John is a seasoned sailor and unafraid of a little weather. My other fishing buddy, Angus Reid, came out in his underwear and called our charter boat captain. After a moment or two, Angus lowered the phone and looked at us. "He says it'll be beautiful out there."
Off we went. An hour later, we were smashing through heavy seas in a 42-foot Hatteras fishing boat. The swells were so high that another boat running alongside us a few hundred metres away kept disappearing in the troughs. The problem was the chop - a chaos of ragged waves slewing in every direction. It was a feat trying to move from one handhold to another in the boat. "I never get seasick!" Angus shouted enthusiastically. "But I think I'm going to barf!!"
I never get seasick either, but I was beginning to think a lot about our breakfast of fried eggs. Better to close the eyes or keep them open? I tried both. At one point, I opened the eyes and saw what looked like the prow of a J-class submarine emerging from the ocean about a hundred metres away, pointing straight up, then sliding back out of sight. Enormous whale, I thought to myself, might as well keep the eyes open.
Around 9 a.m., just as the captain promised, the wind died down and the sea became pacific. Considering that the entire Eastern United States was being assailed by the fifth blizzard of the winter, a short gale at daybreak didn't seem so bad. Even the clouds were gone. "It never rains here," Angus said. "It's basically a perfect climate."
The Baja Peninsula trails down into Mexico from the bottom left corner of the United States. It is wild and rugged, characterized by steep arid mountains, red desert and forests of saguaro cactus. It's 1,600 kilometres from top to bottom and if you drive its length, you have to calculate gas stations on a map. People call it "the other Mexico" because the Sea of Cortez separates it from the mainland's much-publicized kidnappings and drug wars. There are two towns at the southern tip of the Baja - Cabo San Lucas, which is overrun with beach vendors, cruise-ship tourists and badly sunburned party dudes - and the quieter, more refined San Jose del Cabo, 40 kilometres up the coast.
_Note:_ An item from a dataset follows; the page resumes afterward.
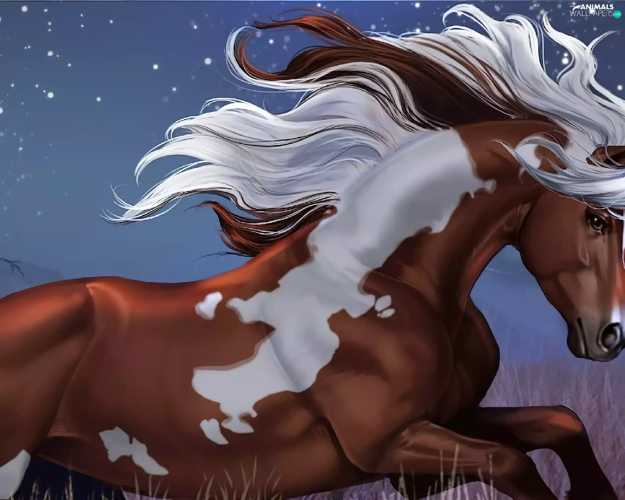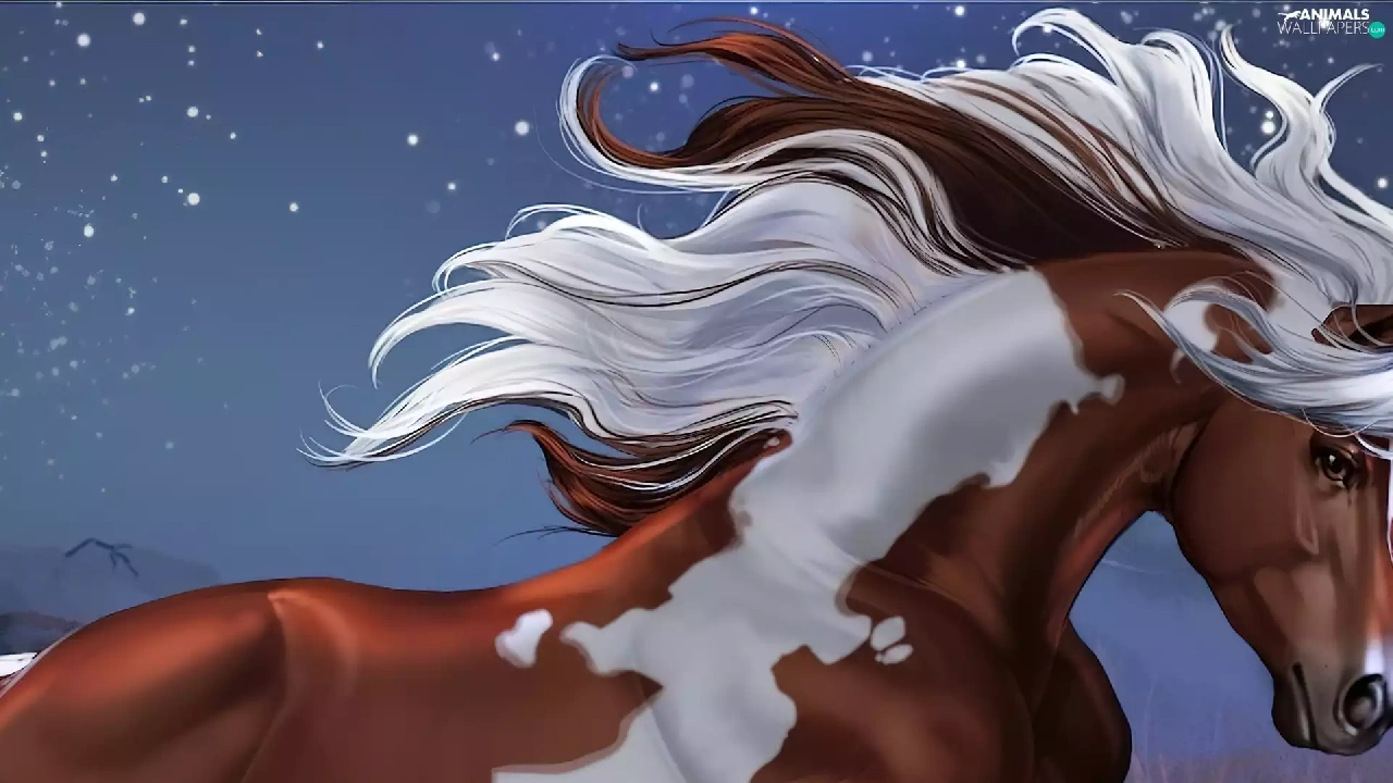 mane, Art, White, Patch, Horse

San Jose del Cabo is a community that seems to be propped up by several thousand wealthy, wintering Anglos who have brought along their ideas in art, cuisine and design. (Morgans, one of the town's best restaurants, is operated by a couple from Harrison Hot Springs, B.C.) There are top-notch jazz combos playing around town and half a dozen excellent restaurants and the safe, quiet downtown has a charming colonial feel. There is a verdant central plaza, an ancient mission church and an art district with many small galleries. On Thursday night, there is a regular two block-long "art walk," with gallery owners offering free wine and an introduction to the work on display. In short, San Jose del Cabo is a Mexican town that has adopted the best elements of American culture and dropped the ones we can all do without.
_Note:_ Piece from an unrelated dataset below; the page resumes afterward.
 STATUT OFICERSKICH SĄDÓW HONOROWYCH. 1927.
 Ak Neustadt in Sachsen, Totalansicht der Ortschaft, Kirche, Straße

As with any seaside town, the real attraction is the sea. In the autumn, thousands of humpback and grey whales arrive from the north, bound for the Sea of Cortez to give birth to their young. If you're strolling the beach at San Jose del Cabo, you only have to watch the sea for a few minutes to see the spout of a migrating whale. If you go fishing, they're everywhere.
By midmorning, we were trolling up the Pacific side of the cape. Massive aquamarine waves reared up and flung themselves onto the uninhabited red-sand beaches. We never saw a soul, except for the whales. In every direction, whales were rolling, spouting, lifting their great tails as they dove under. Some would breach, jumping clear of the ocean and landing with a terrific explosion of spray. From a distance, it looked like someone was dropping school buses in the ocean.
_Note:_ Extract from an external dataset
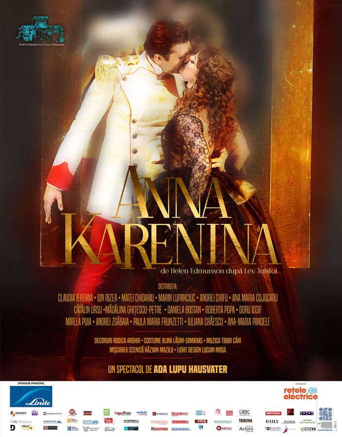 Distribuția: Claudia Ieremia (Anna Karenina), Ion Rizea (Karenin), Matei Chioariu (Vronski), Marin Lupanciuc(Levin), Andrei Chifu (Stiva), Ana Maria Cojocaru (Dolly), Mădălina Ghițescu-Petre (Kitty), Cătălin Ursu (Văduva de pe peron, Nikolai, Mujicul), Daniela Bostan (Prințesa Betsy), (Contesa Vronskaja), Doru Iosif (Preotul), Mirela Puia (Agata, Femeia, Soția lui Nikolai), Andrei Zgăbaia (Administratorul), Paula Maria Frunzetti (Guvernanta, Musafir) și Iuliana Crăescu, Ana-Maria Pandele Andone (Musafiri)

We fished for five hours, searching for striped marlin, about the size of a kayak, and saw a hundred whales. Midafternoon, we arrived back in port, sunburned, rubbery in the legs and keen for a platter of hot tortillas and cold beer. We all agreed that it was a great fishing trip. We even caught five skipjack tuna. They're a small fish (about the size of your forearm), but good eating.